§ **GIVEN INFORMATION**
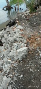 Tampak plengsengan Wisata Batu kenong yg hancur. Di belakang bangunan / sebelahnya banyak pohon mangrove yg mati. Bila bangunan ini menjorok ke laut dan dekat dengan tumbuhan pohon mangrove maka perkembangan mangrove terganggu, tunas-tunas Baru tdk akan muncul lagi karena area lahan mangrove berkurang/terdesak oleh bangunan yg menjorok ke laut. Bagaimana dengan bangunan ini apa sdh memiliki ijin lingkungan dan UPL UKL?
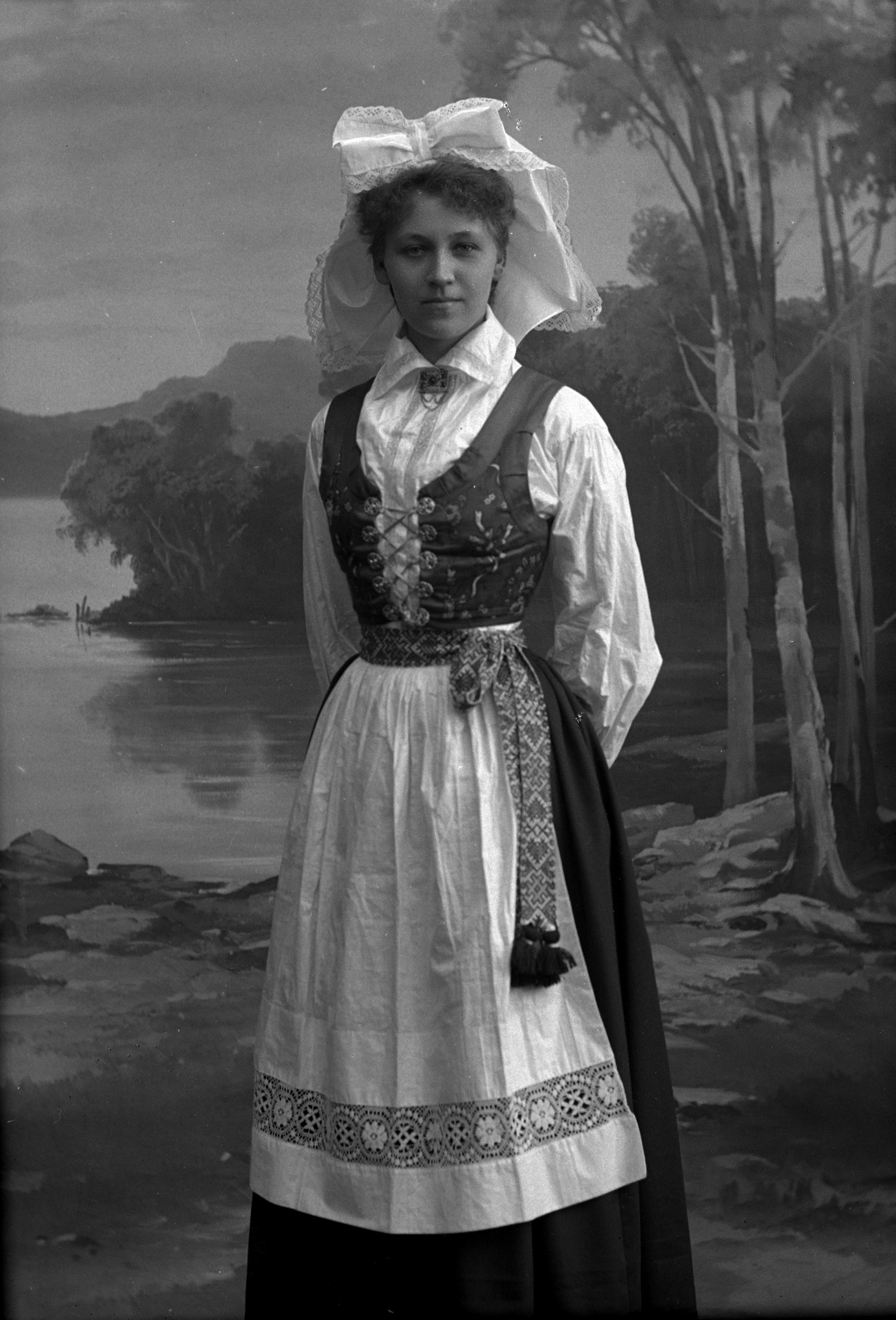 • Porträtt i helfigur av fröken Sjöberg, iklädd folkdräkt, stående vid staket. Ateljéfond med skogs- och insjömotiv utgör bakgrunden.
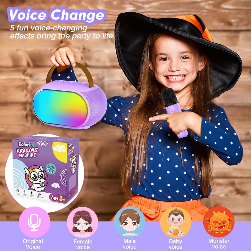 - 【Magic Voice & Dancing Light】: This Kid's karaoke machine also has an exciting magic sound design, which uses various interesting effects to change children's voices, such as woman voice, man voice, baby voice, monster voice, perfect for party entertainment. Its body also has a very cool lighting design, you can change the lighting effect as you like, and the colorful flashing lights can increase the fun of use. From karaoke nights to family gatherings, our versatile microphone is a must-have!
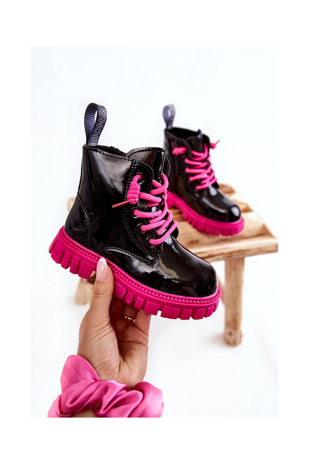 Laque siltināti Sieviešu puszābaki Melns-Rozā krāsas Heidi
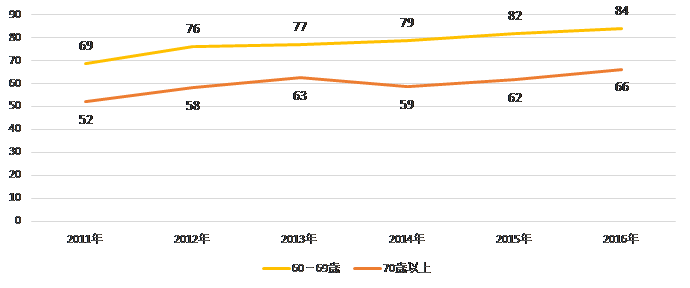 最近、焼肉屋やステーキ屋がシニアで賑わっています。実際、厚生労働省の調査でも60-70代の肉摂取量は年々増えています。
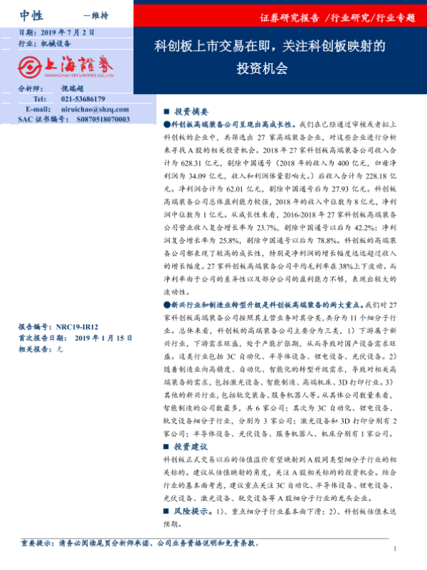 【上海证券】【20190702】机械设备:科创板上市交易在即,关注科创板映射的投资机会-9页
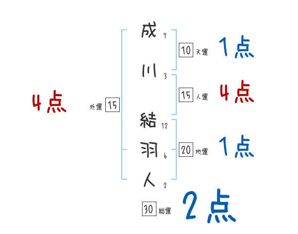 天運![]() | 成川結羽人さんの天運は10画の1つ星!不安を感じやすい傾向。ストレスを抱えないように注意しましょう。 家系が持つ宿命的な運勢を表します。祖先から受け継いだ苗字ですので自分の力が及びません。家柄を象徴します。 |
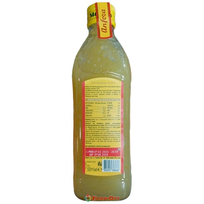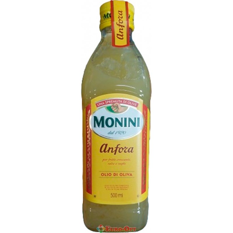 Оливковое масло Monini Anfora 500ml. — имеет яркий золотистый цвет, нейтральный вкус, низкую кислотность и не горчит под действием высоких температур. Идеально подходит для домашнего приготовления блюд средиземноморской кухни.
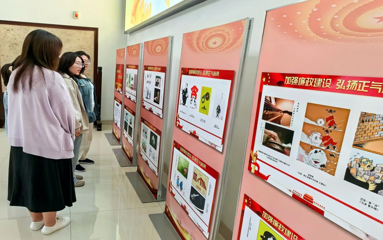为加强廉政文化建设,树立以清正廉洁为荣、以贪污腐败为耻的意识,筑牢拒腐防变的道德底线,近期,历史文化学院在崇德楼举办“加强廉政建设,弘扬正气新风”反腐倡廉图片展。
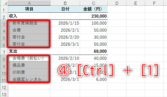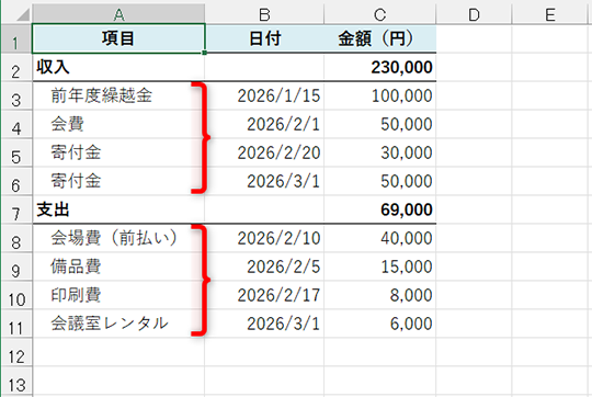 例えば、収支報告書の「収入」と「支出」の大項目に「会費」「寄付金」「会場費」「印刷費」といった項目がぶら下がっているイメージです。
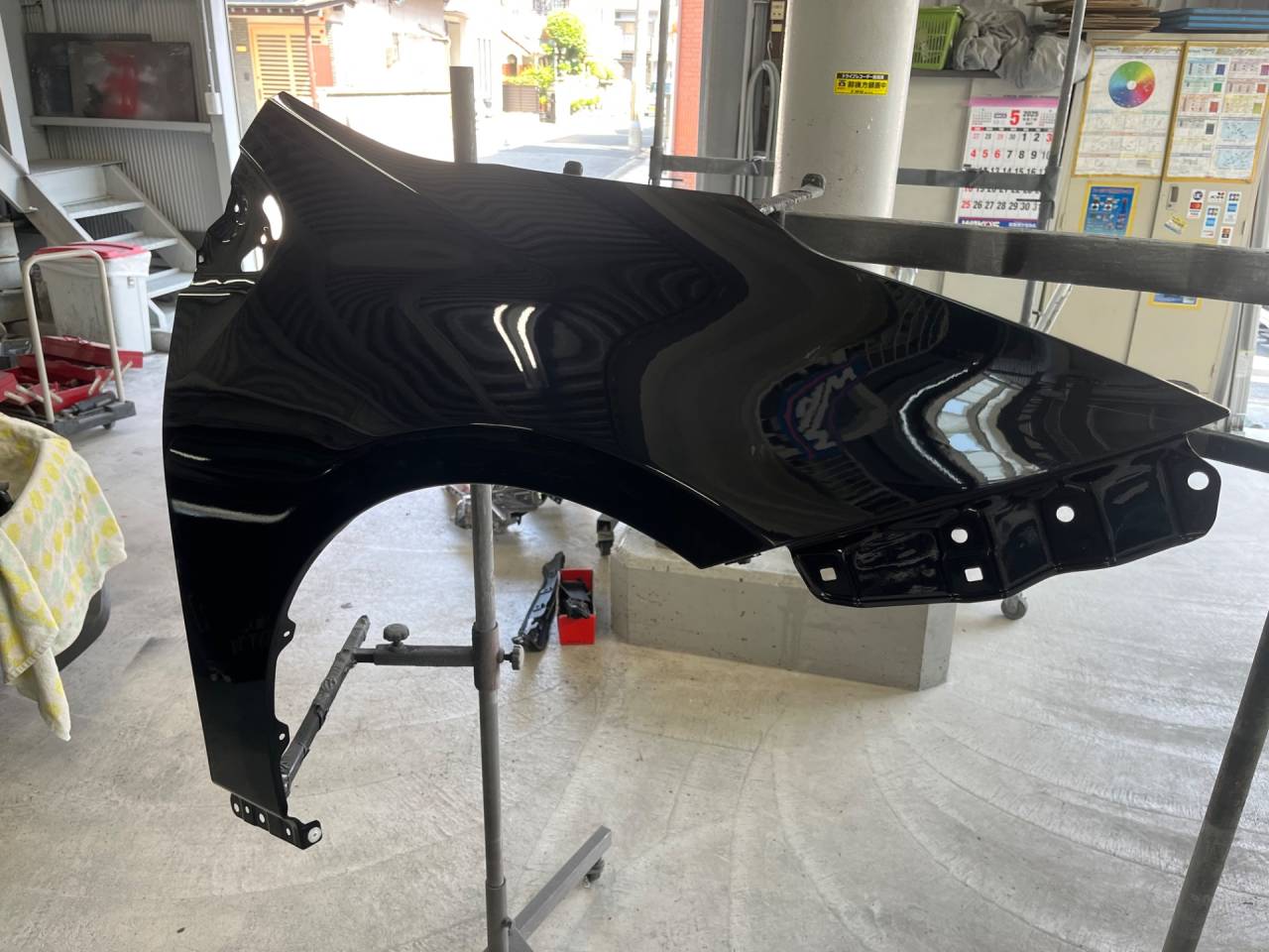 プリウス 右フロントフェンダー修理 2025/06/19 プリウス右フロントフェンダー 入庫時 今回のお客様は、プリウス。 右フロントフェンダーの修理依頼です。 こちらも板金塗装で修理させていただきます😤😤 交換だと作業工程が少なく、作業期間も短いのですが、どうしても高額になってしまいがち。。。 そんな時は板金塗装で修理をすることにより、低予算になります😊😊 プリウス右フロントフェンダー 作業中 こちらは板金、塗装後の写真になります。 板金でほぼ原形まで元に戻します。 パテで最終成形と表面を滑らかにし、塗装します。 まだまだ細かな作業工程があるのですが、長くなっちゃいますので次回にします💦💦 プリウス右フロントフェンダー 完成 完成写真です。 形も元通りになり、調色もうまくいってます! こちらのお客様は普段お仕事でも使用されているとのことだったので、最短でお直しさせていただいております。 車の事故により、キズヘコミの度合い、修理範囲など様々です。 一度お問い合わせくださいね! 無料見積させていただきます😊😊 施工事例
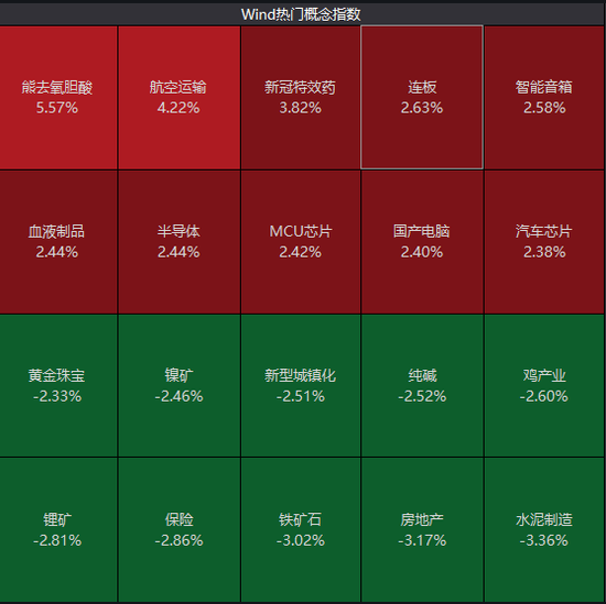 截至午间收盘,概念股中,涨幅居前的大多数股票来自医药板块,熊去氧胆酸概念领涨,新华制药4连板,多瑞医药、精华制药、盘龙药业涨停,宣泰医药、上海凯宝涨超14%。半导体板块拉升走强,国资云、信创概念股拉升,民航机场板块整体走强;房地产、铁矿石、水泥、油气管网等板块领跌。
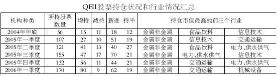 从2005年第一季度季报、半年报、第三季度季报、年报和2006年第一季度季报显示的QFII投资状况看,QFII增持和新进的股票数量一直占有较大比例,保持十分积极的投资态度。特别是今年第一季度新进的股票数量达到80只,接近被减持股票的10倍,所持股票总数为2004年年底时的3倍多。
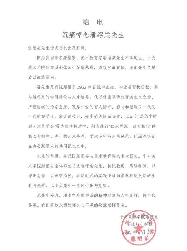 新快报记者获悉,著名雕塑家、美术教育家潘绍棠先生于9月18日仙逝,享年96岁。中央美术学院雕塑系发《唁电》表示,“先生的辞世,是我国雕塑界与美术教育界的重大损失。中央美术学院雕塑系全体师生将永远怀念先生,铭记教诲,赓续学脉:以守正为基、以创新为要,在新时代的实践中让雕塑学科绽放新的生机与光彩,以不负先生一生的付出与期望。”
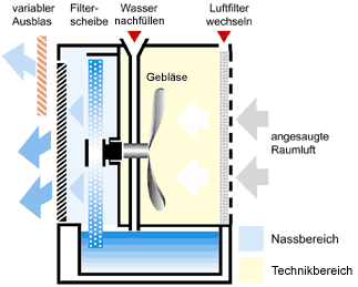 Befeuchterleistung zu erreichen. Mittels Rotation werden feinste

§ **EXERCISE**
Copy the records exactly, leaving out every picture.

§ **EXERCISE RESPONSE**
 Tampak plengsengan Wisata Batu kenong yg hancur. Di belakang bangunan / sebelahnya banyak pohon mangrove yg mati. Bila bangunan ini menjorok ke laut dan dekat dengan tumbuhan pohon mangrove maka perkembangan mangrove terganggu, tunas-tunas Baru tdk akan muncul lagi karena area lahan mangrove berkurang/terdesak oleh bangunan yg menjorok ke laut. Bagaimana dengan bangunan ini apa sdh memiliki ijin lingkungan dan UPL UKL?
 • Porträtt i helfigur av fröken Sjöberg, iklädd folkdräkt, stående vid staket. Ateljéfond med skogs- och insjömotiv utgör bakgrunden.
 - 【Magic Voice & Dancing Light】: This Kid's karaoke machine also has an exciting magic sound design, which uses various interesting effects to change children's voices, such as woman voice, man voice, baby voice, monster voice, perfect for party entertainment. Its body also has a very cool lighting design, you can change the lighting effect as you like, and the colorful flashing lights can increase the fun of use. From karaoke nights to family gatherings, our versatile microphone is a must-have!
 Laque siltināti Sieviešu puszābaki Melns-Rozā krāsas Heidi
 最近、焼肉屋やステーキ屋がシニアで賑わっています。実際、厚生労働省の調査でも60-70代の肉摂取量は年々増えています。
 【上海证券】【20190702】机械设备:科创板上市交易在即,关注科创板映射的投资机会-9页
 天運![]() | 成川結羽人さんの天運は10画の1つ星!不安を感じやすい傾向。ストレスを抱えないように注意しましょう。 家系が持つ宿命的な運勢を表します。祖先から受け継いだ苗字ですので自分の力が及びません。家柄を象徴します。 |
 Оливковое масло Monini Anfora 500ml. — имеет яркий золотистый цвет, нейтральный вкус, низкую кислотность и не горчит под действием высоких температур. Идеально подходит для домашнего приготовления блюд средиземноморской кухни.
为加强廉政文化建设,树立以清正廉洁为荣、以贪污腐败为耻的意识,筑牢拒腐防变的道德底线,近期,历史文化学院在崇德楼举办“加强廉政建设,弘扬正气新风”反腐倡廉图片展。
 例えば、収支報告書の「収入」と「支出」の大項目に「会費」「寄付金」「会場費」「印刷費」といった項目がぶら下がっているイメージです。
 プリウス 右フロントフェンダー修理 2025/06/19 プリウス右フロントフェンダー 入庫時 今回のお客様は、プリウス。 右フロントフェンダーの修理依頼です。 こちらも板金塗装で修理させていただきます😤😤 交換だと作業工程が少なく、作業期間も短いのですが、どうしても高額になってしまいがち。。。 そんな時は板金塗装で修理をすることにより、低予算になります😊😊 プリウス右フロントフェンダー 作業中 こちらは板金、塗装後の写真になります。 板金でほぼ原形まで元に戻します。 パテで最終成形と表面を滑らかにし、塗装します。 まだまだ細かな作業工程があるのですが、長くなっちゃいますので次回にします💦💦 プリウス右フロントフェンダー 完成 完成写真です。 形も元通りになり、調色もうまくいってます! こちらのお客様は普段お仕事でも使用されているとのことだったので、最短でお直しさせていただいております。 車の事故により、キズヘコミの度合い、修理範囲など様々です。 一度お問い合わせくださいね! 無料見積させていただきます😊😊 施工事例
 截至午间收盘,概念股中,涨幅居前的大多数股票来自医药板块,熊去氧胆酸概念领涨,新华制药4连板,多瑞医药、精华制药、盘龙药业涨停,宣泰医药、上海凯宝涨超14%。半导体板块拉升走强,国资云、信创概念股拉升,民航机场板块整体走强;房地产、铁矿石、水泥、油气管网等板块领跌。
 从2005年第一季度季报、半年报、第三季度季报、年报和2006年第一季度季报显示的QFII投资状况看,QFII增持和新进的股票数量一直占有较大比例,保持十分积极的投资态度。特别是今年第一季度新进的股票数量达到80只,接近被减持股票的10倍,所持股票总数为2004年年底时的3倍多。
 新快报记者获悉,著名雕塑家、美术教育家潘绍棠先生于9月18日仙逝,享年96岁。中央美术学院雕塑系发《唁电》表示,“先生的辞世,是我国雕塑界与美术教育界的重大损失。中央美术学院雕塑系全体师生将永远怀念先生,铭记教诲,赓续学脉:以守正为基、以创新为要,在新时代的实践中让雕塑学科绽放新的生机与光彩,以不负先生一生的付出与期望。”
 Befeuchterleistung zu erreichen. Mittels Rotation werden feinste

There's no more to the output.